During 1969, the 199th was responsible for the security of the region north and east of the capital, and in 1970 moved into the "Iron Triangle" when other units participated in the Cambodian Incursion.

- Units assigned to the 199th Infantry Brigade (Light):
  - Brigade infantry
    - 2nd Battalion, 3rd Infantry
    - 3rd Battalion, 7th Infantry
    - 4th Battalion, 12th Infantry
    - 5th Battalion, 12th Infantry
  - Brigade artillery
    - 2nd Battalion, 40th Artillery
  - Brigade reconnaissance
    - Troop D, 17th Cavalry (Armored)
    - Company F, 51st Infantry (Long Range Patrol)
    - Company M, 75th Infantry (Ranger)(Airborne)
  - Brigade support
    - 7th Support Battalion
    - 179th Military Intelligence Detachment
    - 87th Engineer Company
    - 313th Signal Company
    - 152nd Military Police Platoon
    - 44th military history detachment
    - 503rd Chemical Detachment
    - 856th Radio Research Detachment (Army Security Agency)
    - 40th Public Information Detachment
  - Other units on temporary duty
    - 49th Infantry Platoon (Scout Dog)
    - 76th Infantry Detachment (Combat Tracker)
    - 3rd Squadron, 11th Armored Cavalry Regiment
- Casualties
1. 754 killed in action
2. 4,679 wounded in action
The brigade was deactivated in 1970.

== Fort Lewis and Fort Benning==
During the drawdown of the 9th Infantry Division at Fort Lewis in 1991–1992, a residual brigade, based around the division's 3rd Brigade, was briefly active as the 199th Infantry Brigade (Motorized) from 16 February 1991 before being reflagged on 16 July 1992 as the 2nd Armored Cavalry Regiment (light).
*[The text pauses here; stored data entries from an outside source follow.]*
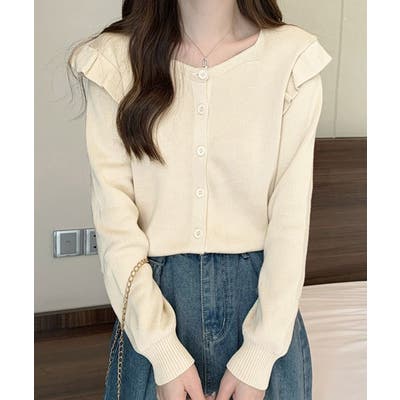 ニットカーディガン ショルダーフリル
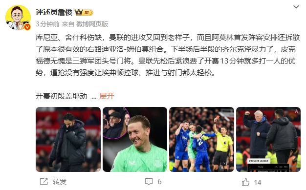11月25日讯 曼联本轮0-1不敌十东谈主埃弗顿,赛后,褒贬员詹俊发文点评。
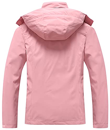 OTU Women's Waterproof Rain Jacket Lightweight Hooded Raincoat for Hiking Travel Outdoor Pink M
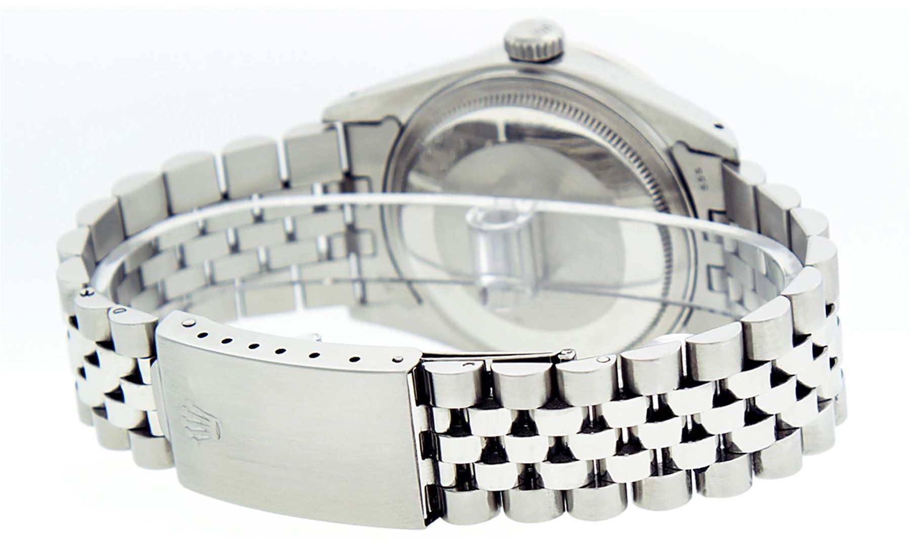 One Mens Pre Owned Stainless Steel Rolex Datejust Polished Bright with Satin Finish, This Watch Has Been Serviced & Electronically Tested, Rolex Stainless Steel Case: 36mm, Rolex Stainless Steel Crown, Custom Bezel: New 18K White Gold Emerald Beadset Diamond Bezel, Diamond + Gem Count: 36 Diamonds + 4 Emeralds, Total Weight 1.00 Carat, Clarity: SI-VS, Color: G to H. Custom Crystal: New Sapphire With Date Window. Custom Hands: New Luminescent Hands. Rolex Movement: Automatic Winding Movement 3035. Rolex Dial: Silver Index With Dash Track & Lumi Dots. Date Window: 3 O'Clock Position Date Display, Quickset, Model: Datejust, Condition: G-6 Extra Fine. Rolex Bracelet: Stainless Steel Jubilee Band. Bracelet: 7.0 Inch Length, Adjustable. Standard Clasp, With Rolex Logo. This Watch Has Been Serviced Time Tested And Is In Excellent Condition It Is Free Of All Scratches And Dents.
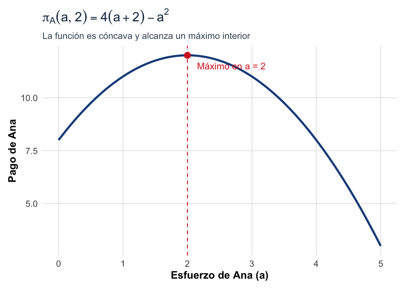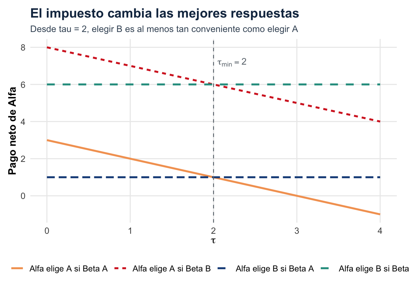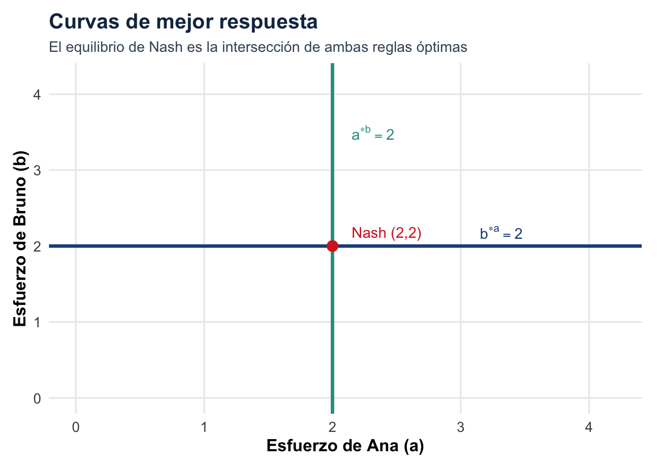 Por eso las herramientas del consumidor aislado no bastan. La tangencia entre una curva de indiferencia y una restricción presupuestaria sirve cuando el entorno se toma como fijo. En juegos estratégicos necesitamos describir mejores respuestas mutuas: qué me conviene hacer dado lo que tú haces, y qué te conviene hacer dado lo que yo hago.
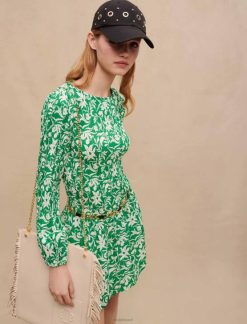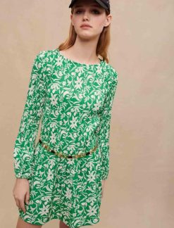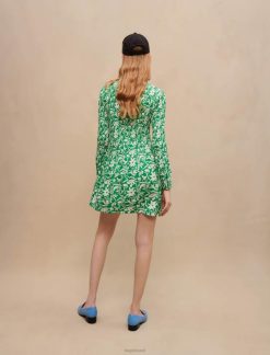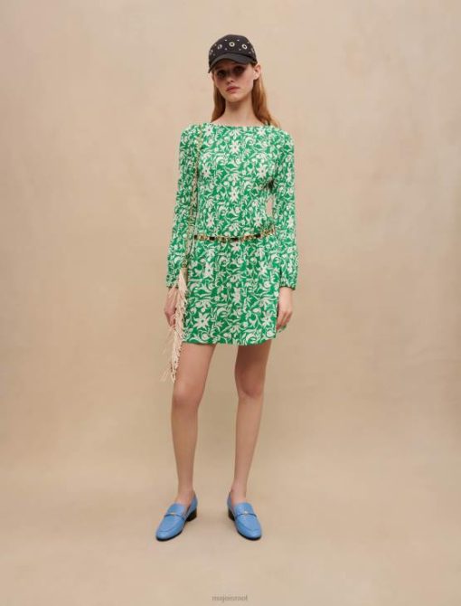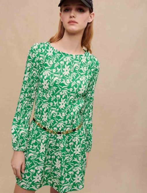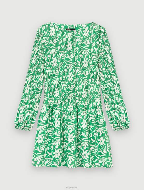 שמלת הקפלים הזו מאמצת פסים נוצצים והדפס חלומי. מעט מתרחב בשולי, יש לו צווארון סירה ושרוולים ארוכים.
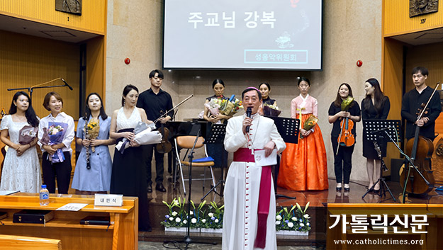 8월 15일 성남 도촌동성베드로성당에서 열린 수원가톨릭유스우니따스 창단 연주회 후 수원교구 교구장대리 문희종 주교가 인사말을 하고 있다.
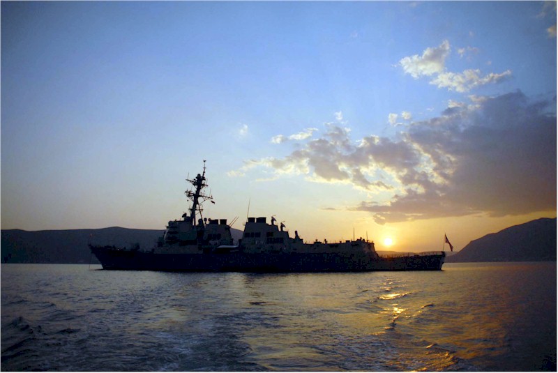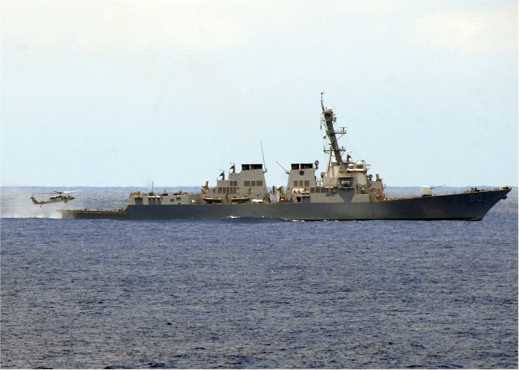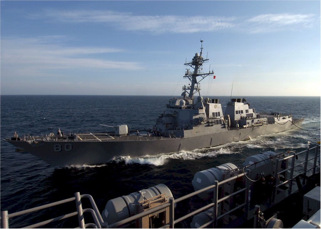 | 144k | 080905-N-4236E-057. Atlantic Ocean, September 5 2008, the guided-missile destroyer USS Roosevelt (DDG 80) transits the Atlantic Ocean. Roosevelt is deployed as part of the Iwo Jima Expeditionary Strike Strike Group, which is supporting maritime security operations in the U.S. Navy's 5th and 6th Fleet areas of responsibility. U.S. Navy photo by Mass Communication Specialist Seaman Chad R. Erdmann. | Robert M. Cieri |
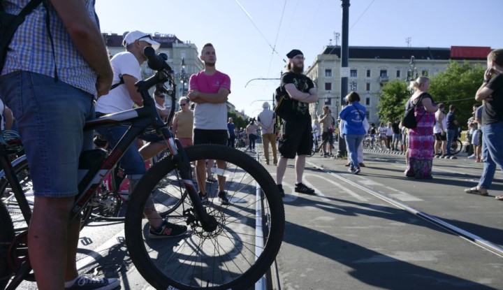 Címlapkép: A Margit hidat lezáró tűntetők a pesti hídfőnél 2022. július 18-án. A demonstrálók a kisadózó vállalkozások tételes adójáról, a katáról szóló törvény szigorítása és a rezsiköltségek emelkedése ellen tüntettek. (MTI/Koszticsák Szilárd)
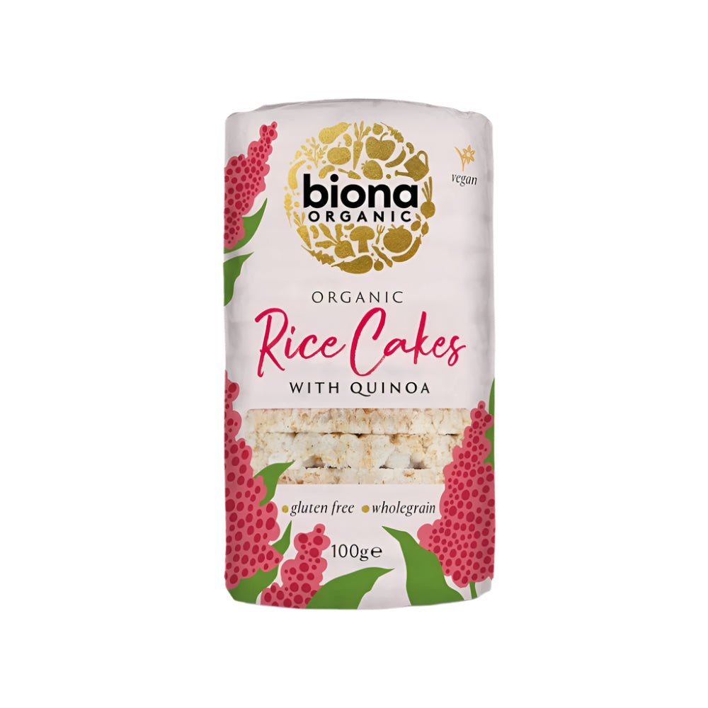 Organic rice cakes containing protein-rich organic quinoa - the perfect healthy snack.
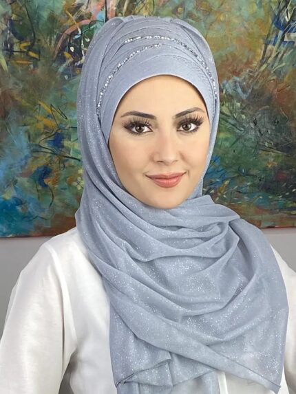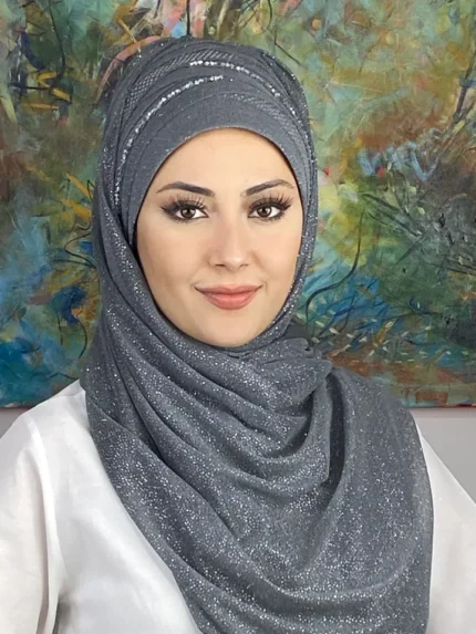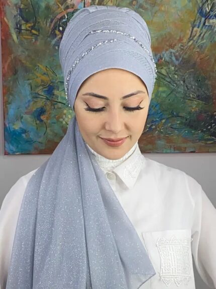 • Vintage Model Taşlı Abiye Atkılı Bone Şal - Gri Vintage Model Taşlı Abiye Atkılı Bone Şal - Gri ₺425.00

The structure of 199th Infantry Brigade at that time was:

- 199th Infantry Brigade (Motorized), Fort Lewis
  - Headquarters and Headquarters Company (HHC)
  - 1st Battalion, 29th Infantry
  - 1st Battalion, 33rd Armor
  - 2nd Battalion, 1st Infantry
  - 3rd Battalion, 47th Infantry
  - 1st Battalion, 11th Field Artillery
  - 99th Support Battalion (Forward)
  - Troop A, 9th Cavalry (previously Troop B, 1st Squadron, 9th Cavalry, then reflagged troop A 1/9 Cavalry 199th infantry and finally A troop 9th US cavalry)
  - 102nd Engineer Company (Company D, 15th Engineer Battalion)
  - 199th Military Intelligence Company
  - 9th Chemical Company
  - Battery E, 44th Air Defense Artillery

Then-Lieutenant Colonel Peter W. Chiarelli commanded the 2nd Battalion, 1st Infantry.

On 27 June 2007, the 11th Infantry Regiment was reflagged as the 199th Infantry Brigade at Fort Benning. In October 2013, the brigade was reorganized as part of restructuring within the Maneuver Center. The brigade was designated as the Leader Development Brigade and reorganized to contain both Armor and Infantry BOLC, OCS, and the MCCC.
- Units assigned to the 199th Infantry Brigade:
  - Headquarters and Headquarters Company (HHC), 199th Brigade (Maneuver Captains Career Course Detachment)
  - 2nd Squadron, 16th Cavalry Regiment Armor Basic Officer Leadership Course (ABOLC)
  - 1st Battalion, 29th Infantry Regiment (Abrams, Bradley, Stryker, Sniper, Combatives, etc. instruction)
  - 2nd Battalion, 11th Infantry Regiment Infantry Basic Officer Leader Course (IBOLC)
  - 3rd Battalion, 11th Infantry Regiment (Officer Candidate School)
  - 3rd Battalion, 81st Armored Regiment (administrative command, control, and support)
  - Army Noncommisioned Officer Academy
  - Command and Tactics Directorate (Infantry, Armor, and Combined Arms instruction)

==In popular culture==
Michael Lee Lanning, a retired lieutenant colonel, served a tour in Vietnam with the Redcatchers as a lieutenant. He reported to Vietnam where as a second lieutenant he served as an infantry platoon leader and reconnaissance platoon leader. After his promotion to first lieutenant, he commanded a rifle company, Bravo Company of the 2d Battalion, 3d Infantry. He wrote two books about his experiences there: The Only War We Had: A Platoon Leader's Journal of Vietnam (New York: Ivy Books/Random House, 1987); and Vietnam 1969-1970: A Company Commander's Journal (New York: Ivy Books/Random House, 1988).